**EXERCISE DATA**
+-------+

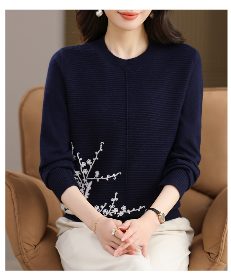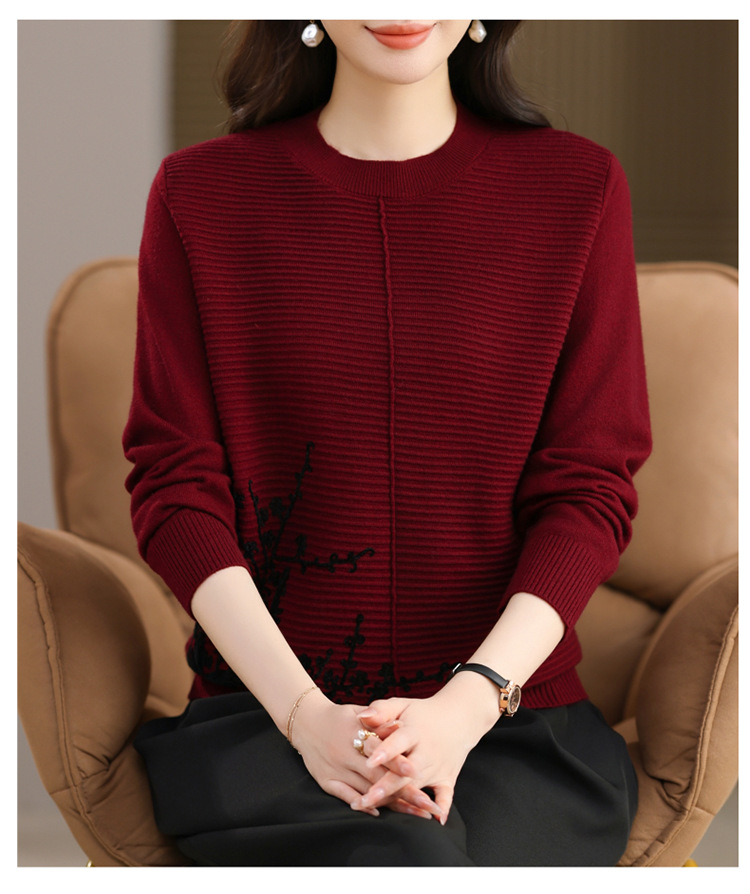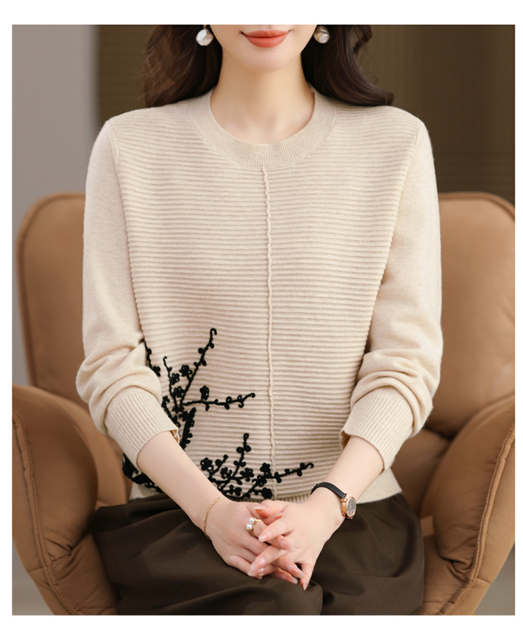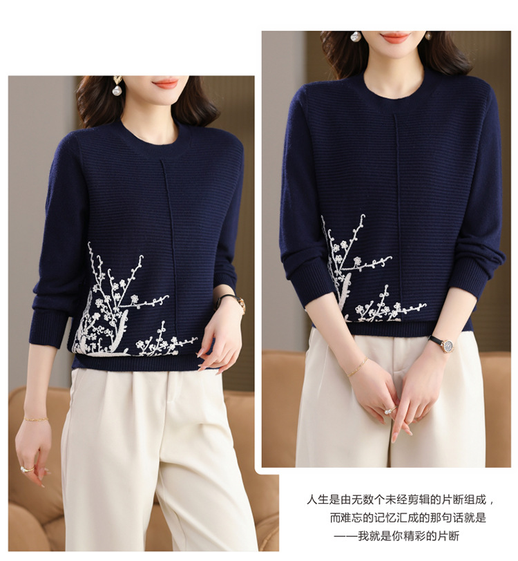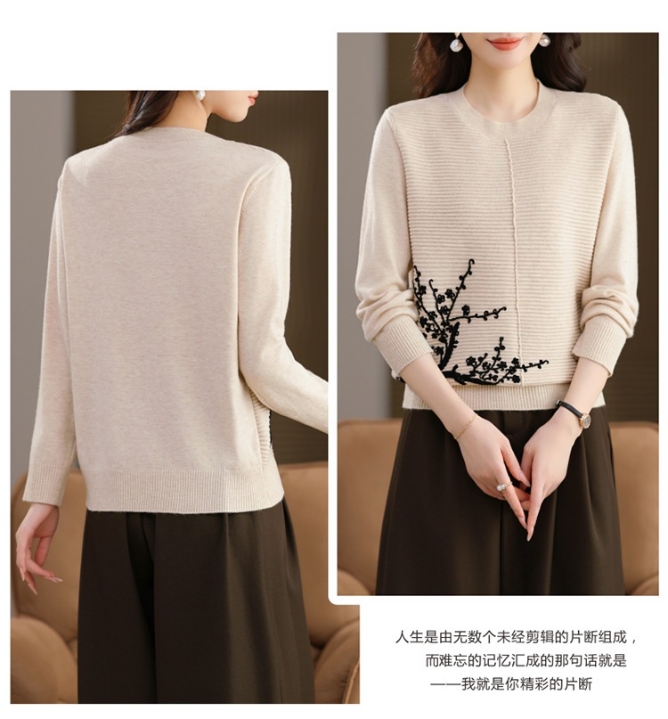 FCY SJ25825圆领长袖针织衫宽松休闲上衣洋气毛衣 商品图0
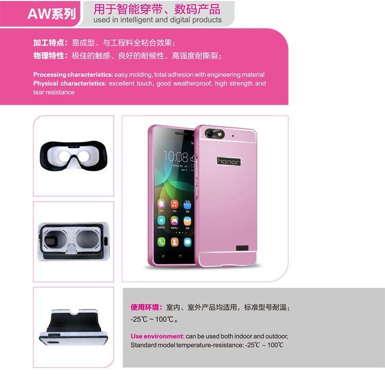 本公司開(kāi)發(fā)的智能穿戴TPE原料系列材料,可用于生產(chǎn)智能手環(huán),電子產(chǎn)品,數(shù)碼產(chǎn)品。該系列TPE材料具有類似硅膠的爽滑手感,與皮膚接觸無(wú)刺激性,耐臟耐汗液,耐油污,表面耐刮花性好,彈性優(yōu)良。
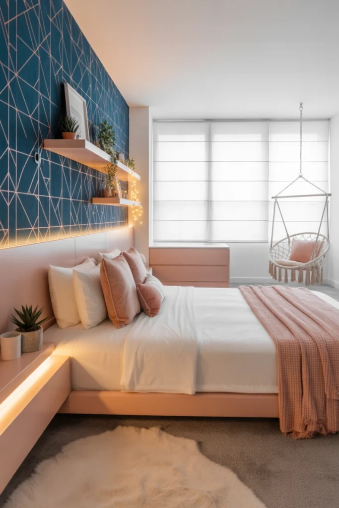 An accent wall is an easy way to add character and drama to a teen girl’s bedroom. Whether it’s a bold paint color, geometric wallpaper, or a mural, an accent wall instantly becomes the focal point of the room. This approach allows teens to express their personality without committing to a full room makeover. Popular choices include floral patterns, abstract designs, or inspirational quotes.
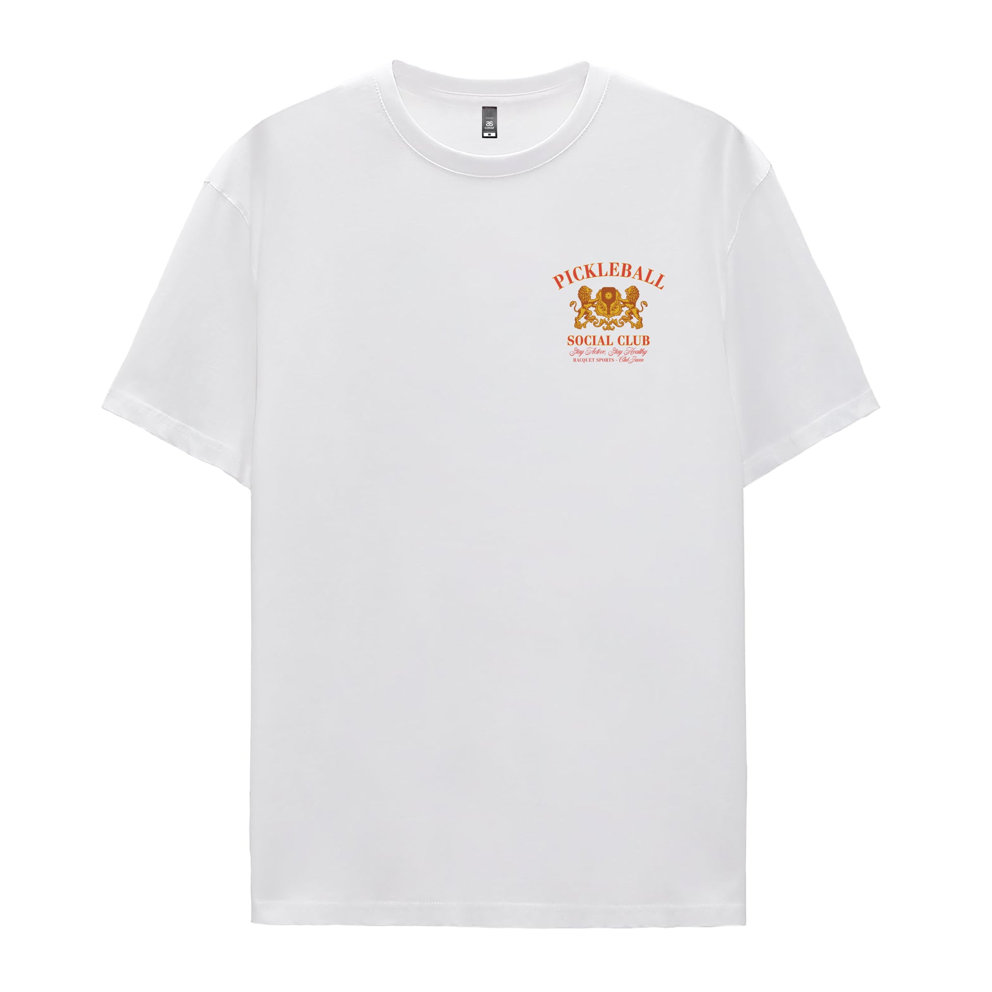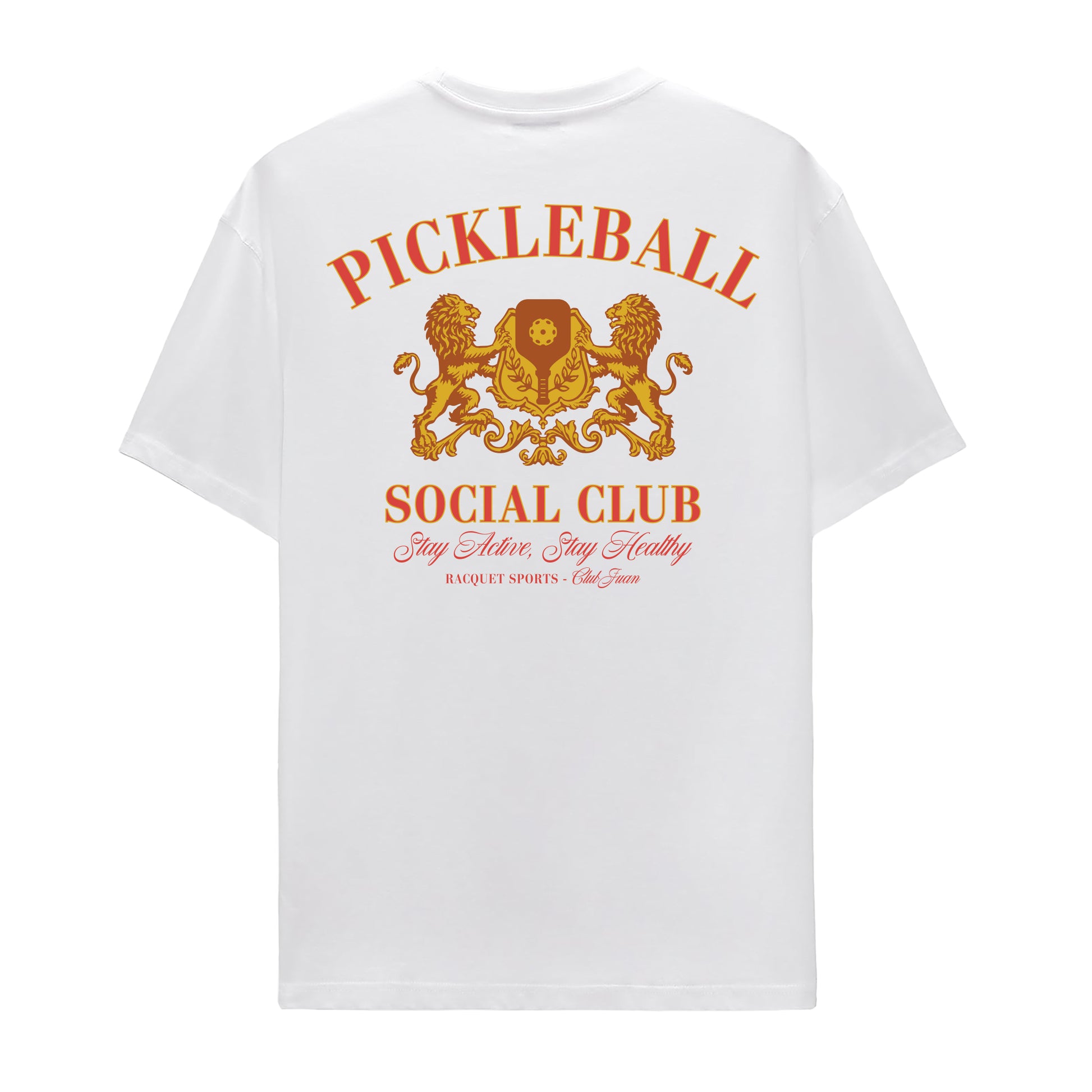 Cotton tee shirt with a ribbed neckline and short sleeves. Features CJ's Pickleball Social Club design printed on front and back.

+-------+

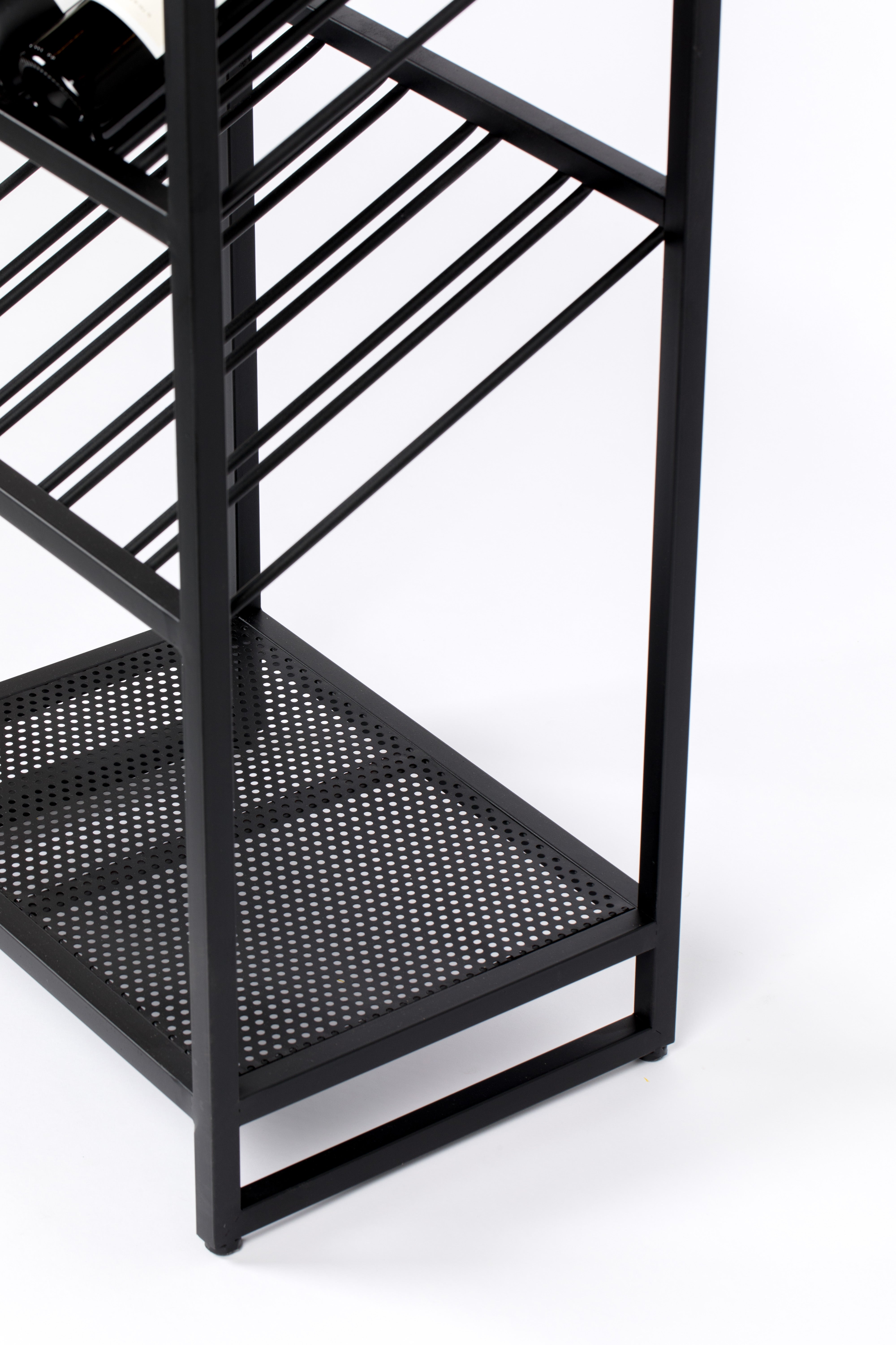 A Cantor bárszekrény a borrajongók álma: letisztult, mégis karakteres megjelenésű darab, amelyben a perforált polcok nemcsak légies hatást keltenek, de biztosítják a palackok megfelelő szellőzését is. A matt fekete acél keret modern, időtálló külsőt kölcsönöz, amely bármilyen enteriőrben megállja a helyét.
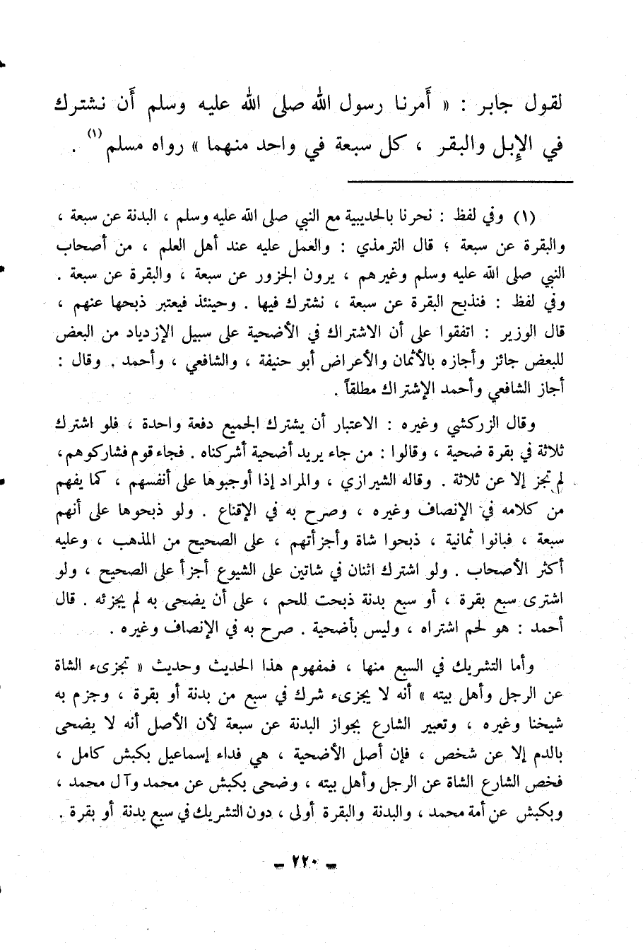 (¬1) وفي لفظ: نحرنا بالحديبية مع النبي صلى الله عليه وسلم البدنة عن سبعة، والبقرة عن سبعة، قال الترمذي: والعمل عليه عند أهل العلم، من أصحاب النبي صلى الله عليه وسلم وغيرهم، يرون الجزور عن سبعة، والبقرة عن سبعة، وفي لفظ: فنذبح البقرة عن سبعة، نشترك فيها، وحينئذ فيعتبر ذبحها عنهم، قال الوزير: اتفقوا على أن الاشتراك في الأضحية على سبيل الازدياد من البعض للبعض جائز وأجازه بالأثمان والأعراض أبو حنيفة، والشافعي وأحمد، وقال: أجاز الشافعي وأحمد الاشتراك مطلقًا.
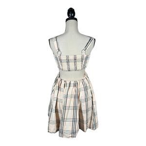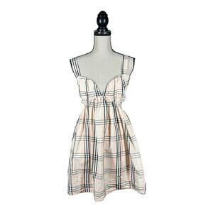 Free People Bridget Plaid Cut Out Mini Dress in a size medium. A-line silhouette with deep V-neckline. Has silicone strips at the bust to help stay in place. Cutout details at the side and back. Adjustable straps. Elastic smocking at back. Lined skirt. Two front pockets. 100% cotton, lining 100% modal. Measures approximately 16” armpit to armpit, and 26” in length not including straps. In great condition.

+-------+

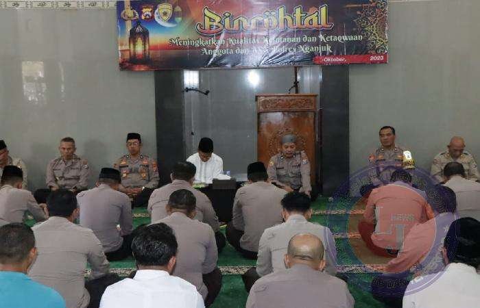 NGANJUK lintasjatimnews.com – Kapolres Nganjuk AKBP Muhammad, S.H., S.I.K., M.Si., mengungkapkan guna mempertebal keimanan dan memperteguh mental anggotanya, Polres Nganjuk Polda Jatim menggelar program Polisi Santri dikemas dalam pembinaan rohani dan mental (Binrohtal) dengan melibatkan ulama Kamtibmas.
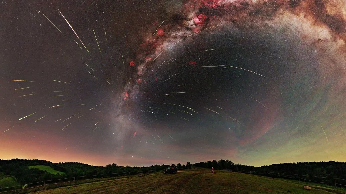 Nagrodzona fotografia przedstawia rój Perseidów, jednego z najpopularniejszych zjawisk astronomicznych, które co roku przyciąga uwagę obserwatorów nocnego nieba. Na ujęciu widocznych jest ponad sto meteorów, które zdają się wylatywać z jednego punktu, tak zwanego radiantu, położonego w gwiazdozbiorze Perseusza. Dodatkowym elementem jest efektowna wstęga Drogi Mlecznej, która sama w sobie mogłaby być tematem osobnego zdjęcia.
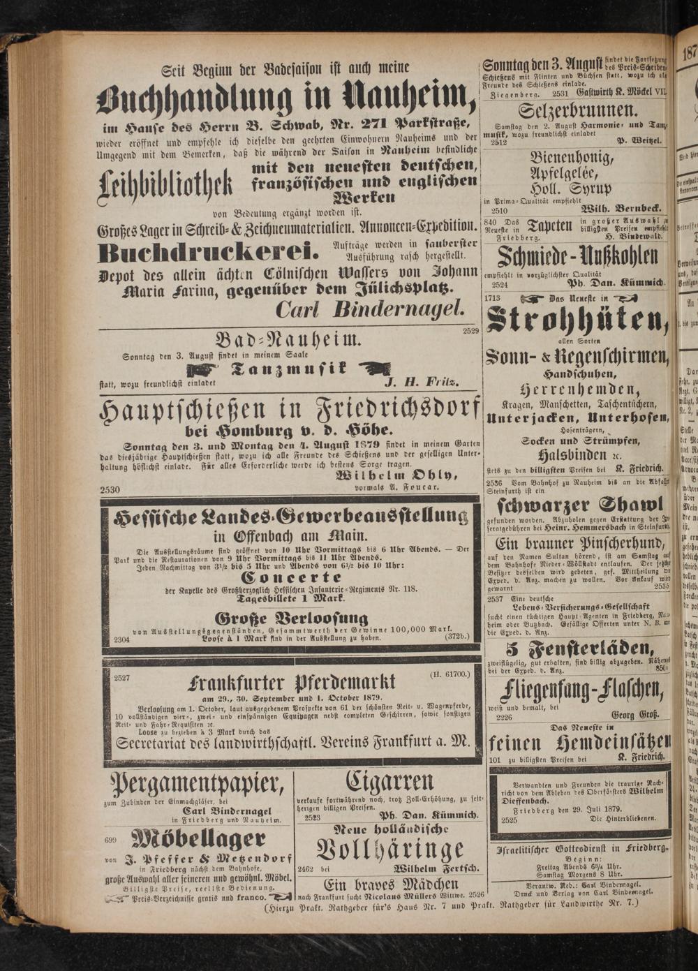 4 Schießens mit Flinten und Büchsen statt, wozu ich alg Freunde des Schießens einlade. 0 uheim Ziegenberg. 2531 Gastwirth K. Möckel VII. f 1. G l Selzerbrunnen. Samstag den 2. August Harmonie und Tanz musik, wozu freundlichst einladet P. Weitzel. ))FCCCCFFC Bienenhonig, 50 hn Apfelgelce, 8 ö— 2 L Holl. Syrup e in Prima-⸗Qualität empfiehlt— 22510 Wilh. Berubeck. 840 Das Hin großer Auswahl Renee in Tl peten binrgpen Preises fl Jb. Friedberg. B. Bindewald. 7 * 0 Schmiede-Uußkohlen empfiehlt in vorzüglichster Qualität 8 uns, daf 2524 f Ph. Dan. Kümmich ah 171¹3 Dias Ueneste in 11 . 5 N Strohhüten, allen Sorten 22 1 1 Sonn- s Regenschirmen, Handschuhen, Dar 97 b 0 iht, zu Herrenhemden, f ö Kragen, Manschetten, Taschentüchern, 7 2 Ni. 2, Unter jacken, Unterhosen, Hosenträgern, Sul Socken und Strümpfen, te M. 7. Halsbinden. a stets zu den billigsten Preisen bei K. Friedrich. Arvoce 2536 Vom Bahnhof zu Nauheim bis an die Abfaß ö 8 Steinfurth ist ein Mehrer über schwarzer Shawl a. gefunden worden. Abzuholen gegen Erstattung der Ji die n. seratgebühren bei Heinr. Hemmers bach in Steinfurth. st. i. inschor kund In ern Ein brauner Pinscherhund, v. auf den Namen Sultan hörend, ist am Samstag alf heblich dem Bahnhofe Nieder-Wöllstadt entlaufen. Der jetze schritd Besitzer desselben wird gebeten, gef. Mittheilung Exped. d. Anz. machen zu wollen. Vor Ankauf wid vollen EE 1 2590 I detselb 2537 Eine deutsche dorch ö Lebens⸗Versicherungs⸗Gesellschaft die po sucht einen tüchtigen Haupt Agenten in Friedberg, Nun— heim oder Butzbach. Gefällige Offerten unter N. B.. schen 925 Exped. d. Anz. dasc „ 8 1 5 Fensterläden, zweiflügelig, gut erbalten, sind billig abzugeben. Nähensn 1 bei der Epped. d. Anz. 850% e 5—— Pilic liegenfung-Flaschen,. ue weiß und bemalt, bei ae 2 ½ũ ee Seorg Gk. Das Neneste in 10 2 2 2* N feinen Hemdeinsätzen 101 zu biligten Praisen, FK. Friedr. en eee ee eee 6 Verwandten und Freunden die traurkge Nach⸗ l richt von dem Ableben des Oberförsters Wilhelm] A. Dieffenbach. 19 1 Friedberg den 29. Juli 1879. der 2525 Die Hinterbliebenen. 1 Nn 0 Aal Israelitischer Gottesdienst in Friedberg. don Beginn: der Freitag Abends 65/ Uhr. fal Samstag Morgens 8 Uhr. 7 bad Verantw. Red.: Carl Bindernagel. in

+-------+

**TASK BRIEF**
Each line above from the one containing "FCY SJ25825圆领长袖针织衫宽松休闲上衣洋气毛衣 商品图0" through the one containing "本公司開(kāi)發(fā)" is to be returned verbatim. Nothing else, and no pictures.

**EXPECTED ANSWER**
 FCY SJ25825圆领长袖针织衫宽松休闲上衣洋气毛衣 商品图0
 本公司開(kāi)發(fā)的智能穿戴TPE原料系列材料,可用于生產(chǎn)智能手環(huán),電子產(chǎn)品,數(shù)碼產(chǎn)品。該系列TPE材料具有類似硅膠的爽滑手感,與皮膚接觸無(wú)刺激性,耐臟耐汗液,耐油污,表面耐刮花性好,彈性優(yōu)良。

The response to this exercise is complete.